CAÇA AO VOTO
Como já era de se esperar, passado o carnaval, os políticos colocam o bloco na rua e abrem a temporada de caça aos votos. Trata-se de uma rotina que se repete de dois em dois anos, dando margem a toda série de especulações. Em Juiz de Fora, o vereador Isauro Calais, que tem planos de disputar a Prefeitura pelo PMN, encontrou-se com a professora Margarida Salomão, que vai, de novo, tentar o mesmo cargo pelo Partido dos Trabalhadores. Em Belo Horizonte, como o próprio anunciou pelo Twitter, o presidente do PSDB estadual, deputado Marcus Pestana, tomou café da manhã, na sexta-feira, com o prefeito Márcio Lacerda (PSB) para tratar da repetição da vitoriosa aliança de 2008.
Conversar faz parte do jogo, e é assim que se faz a boa política, mas nada indica, pelo menos por enquanto, que os atores do jogo estão definidos. No domingo passado, a Tribuna mostrou a disposição dos deputados Júlio Delgado (PSB) e Bruno Siqueira (PMDB) de conversarem, pois há entendimento de que separados vão praticar o que os políticos chamam de abraço de afogado, isto é, se os dois forem para o páreo, correm o risco de não ultrapassar a linha de chegada. Mas esse cenário também é de especulação, já que outros personagens estarão em jogo e ainda não se manifestaram tão abertamente, a começar pelo prefeito Custódio Mattos (PSDB), titular do cargo, que tem feito diversas reuniões, mas ao estilo mineiro do silêncio.

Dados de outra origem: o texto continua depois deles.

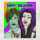 vampiro estilo pop, verde limão zombie e roxo. Vinho de festa de Halloween ou rótulo de vinho espumante.
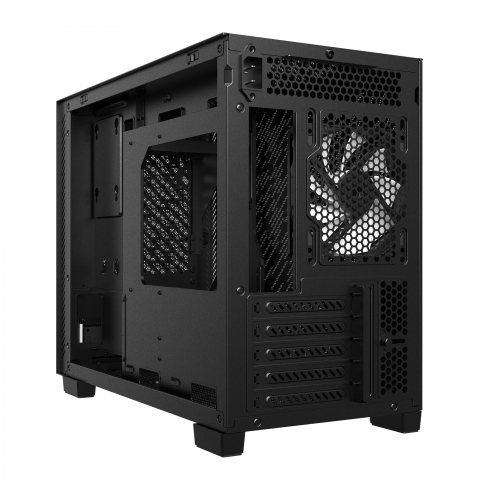 Gabinete XPG Valor Air Nano , compacto Micro-ATX/Mini-ITX, color negro, con un ventilador ARGB de 120 mm incluido, soporte para GPUs grandes y conectividad moderna.

Como as convenções só vão ocorrer na virada do semestre, e os acordos nem sempre dependem dos personagens locais, é possível especular, mas não mais do que isso. Desde a implantação do sistema de coalizão, as alianças partidárias têm se definido mais em Brasília e Belo Horizonte do que nas bases, ao contrário de outros tempos, quando o embate tinha fortes conotações locais. Hoje, por interesses maiores, os dirigentes têm colocado goela abaixo dos diretórios uma série de alianças que não apresentam nenhuma coerência, mas que fazem parte do jogo principal, no qual eles, de fato, estão mais interessados.